On April 13, 2023, NCR Corporation confirmed that their Aloha Point of Sale (POS) platform was the target of a ransomware attack. Aloha POS is used in hospitality services and the outage has impacted a subset of their hospitality customers. The attack was claimed by the BlackCat/ALPHV gang, one of the most significant ransomware operations active at this time, responsible for hundreds of attacks worldwide. In this exclusive news coverage, we will dive into the details of this attack, its impact, and the reasoning behind it.

What is NCR Corporation and Aloha POS?

NCR Corporation is an American software and technology consulting company that provides digital banking, POS system, and payment processing solutions for restaurants, businesses, and retailers. One of their products, the Aloha POS platform, is used in hospitality services and has been affected by the recent ransomware attack.

Details of the Ransomware Attack

The Aloha POS platform has suffered an outage since Wednesday, with customers unable to utilize the system. NCR initially remained silent on the cause of the outage, but after days of investigation, it was revealed that the outage was the result of a ransomware attack on data centers used to power the Aloha POS platform. The outage has impacted a subset of their hospitality customers and only a "limited number of ancillary Aloha applications."
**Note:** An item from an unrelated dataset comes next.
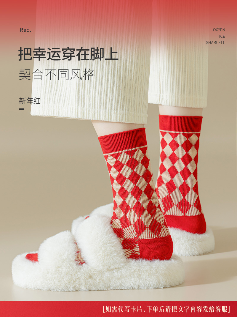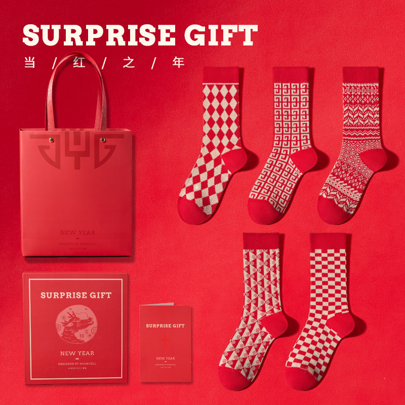 2025新年红袜子本命年纯棉龙年秋冬男女结婚情侣一对礼物礼盒红色
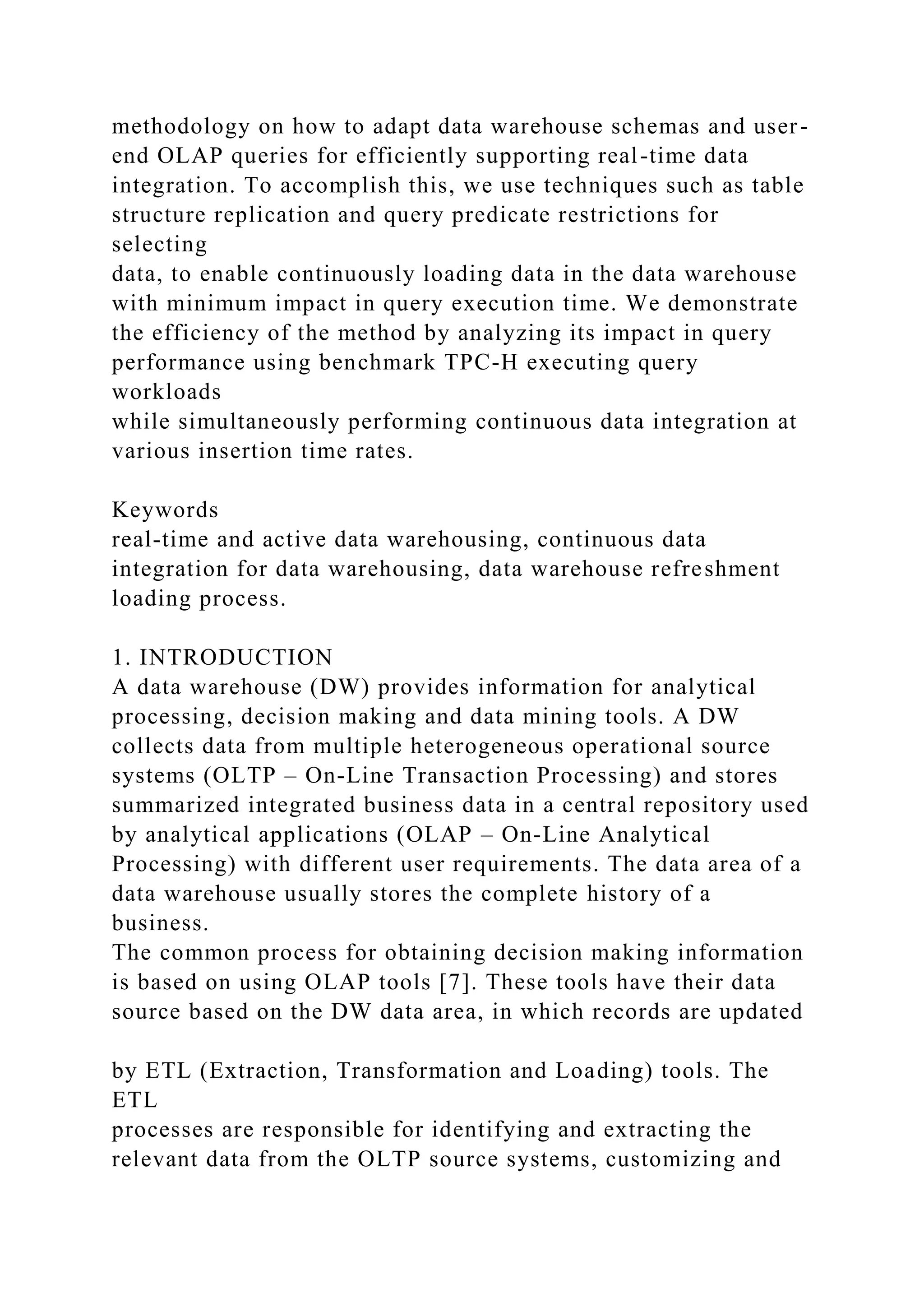 This paper presents a methodology for adapting data warehouse schemas and OLAP queries to support real-time data integration, addressing the limitations of traditional data warehouses which update data periodically. The proposed system allows for continuous integration of operational data into the data warehouse while minimizing performance impacts on OLAP queries. The methodology emphasizes the importance of maintaining data freshness and reducing update time windows to enhance user access to current information for decision-making processes.

BlackCat/ALPHV Gang Claims Responsibility

The BlackCat/ALPHV gang claimed responsibility for the ransomware attack on NCR's Aloha POS platform. While NCR did not confirm which ransomware operation was behind the attack, cybersecurity researcher Dominic Alivieri spotted a short-lived post on the BlackCat/ALPHV ransomware gang's data leak site where the threat actors claimed responsibility. The post also included a snippet of the negotiation chat conversation between an alleged NCR representative and the ransomware gang.

Aloha Reflects on AlphV/BlackCat's Data Leak Site

Impact of the Ransomware Attack

Aloha POS customers have shared on Reddit that the outage has caused significant issues in their business operations. Some customers are concerned about making payroll on time for their employees, with different customers recommending that data be pulled manually from the data files until the outage is over. The threat actors claimed to have stolen credentials for NCR's customers and stated that they would be published if a ransom was not paid.

What Goes Behind the Attack

It is unclear why the BlackCat/ALPHV gang targeted NCR's Aloha POS platform. However, outages caused by cyberattacks like these tend to take quite a bit of time to resolve in a secure manner. It is also unclear whether NCR will negotiate with the ransomware gang or if they will take steps to recover the stolen credentials and data.